- Directed by: J. Neil Schulman
- Written by: J. Neil Schulman
- Produced by: J. Neil Schulman
- Starring: Nichelle Nichols
- Cinematography: Scott MacDonald
- Edited by: J. Kent Hastings
- Music by: Daniel May
- Distributed by: Amazon Prime
- Release date: February 2, 2008 (San Diego Black Film Festival);
- Running time: 116 minutes
- Country: United States
- Language: English
- Budget: $500,000

= Lady Magdalene's =

Lady Magdalene's is a film directed, written and produced by J. Neil Schulman and starring Nichelle Nichols (who also received an executive producer credit).
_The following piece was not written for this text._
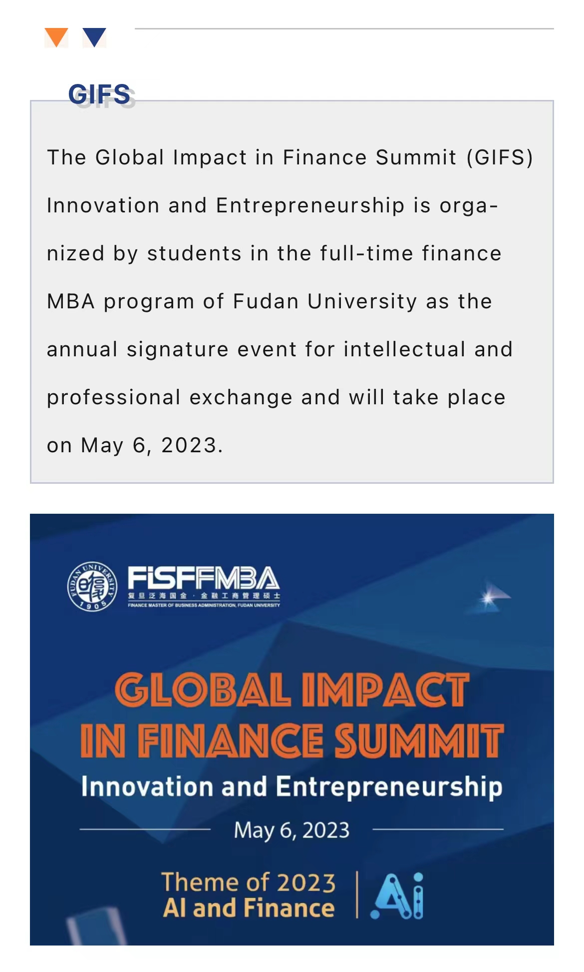 GIFS is an action-driven symposium that unites academic and industry leaders with MBA students worldwide to facilitate thought leadership in sustainability and economic responsibility. It has attracted distinguished students from all programs of Fudan University as well as students from top universities around the world. The summit inspires dialogue and collaborative efforts on challenging global issues with a new theme each year.

The movie was J. Neil Schulman's debut as a director, and Nichelle Nichols' debut as a producer.

==Plot==
Jack Goldwater, an IRS agent on loan to the Federal Air Marshal Service, is relieved of field duty after insulting a powerful U.S. senator, and finds himself exiled to a humiliating desk job in Nevada as the federal receiver managing a legal brothel in tax default, where—with the help of the brothel Madam, Lady Magdalene—he uncovers an Al Qaeda plot to unload a nuclear-bomb-sized crate at Hoover Dam.

==Cast (opening titles)==
- Nichelle Nichols as Lady Magdalene
- Ethan Keogh as Jack Goldwater
- Susan Smythe as Angel
- Claudia Lynx as Scheherazade
- Alexander Wraith as Yassin Salem
- Mark Gilvary as The Director & FBI SAC Broderick
- J. Neil Schulman as Ali the American
- Said Faraj as Gamal Hosny
- Mara Marini as Nurse Gretchen
- Vince Martorano as IRS Agent Lewis Heinlein
- Hope McBane as Sinead
- Michele Redmond as Eden
- Keyaria Rodriguez as Pixie

==Release==
The movie was produced by Schulman's own film company Jesulu Productions. After film-festival play the full movie was released on YouTube.

==Awards==
The film won three film-festival awards: "Best Cutting Edge Film" at the 2008 San Diego Film Festival, "Audience Choice – Feature-Length Narrative Film" at the 2008 Cinema City International Film Festival held on the Universal Hollywood Citywalk, and "Special Jury Prize for Libertarian Ideals" at the 2011 Anthem Film Festival/FreedomFest held at Bally's Las Vegas.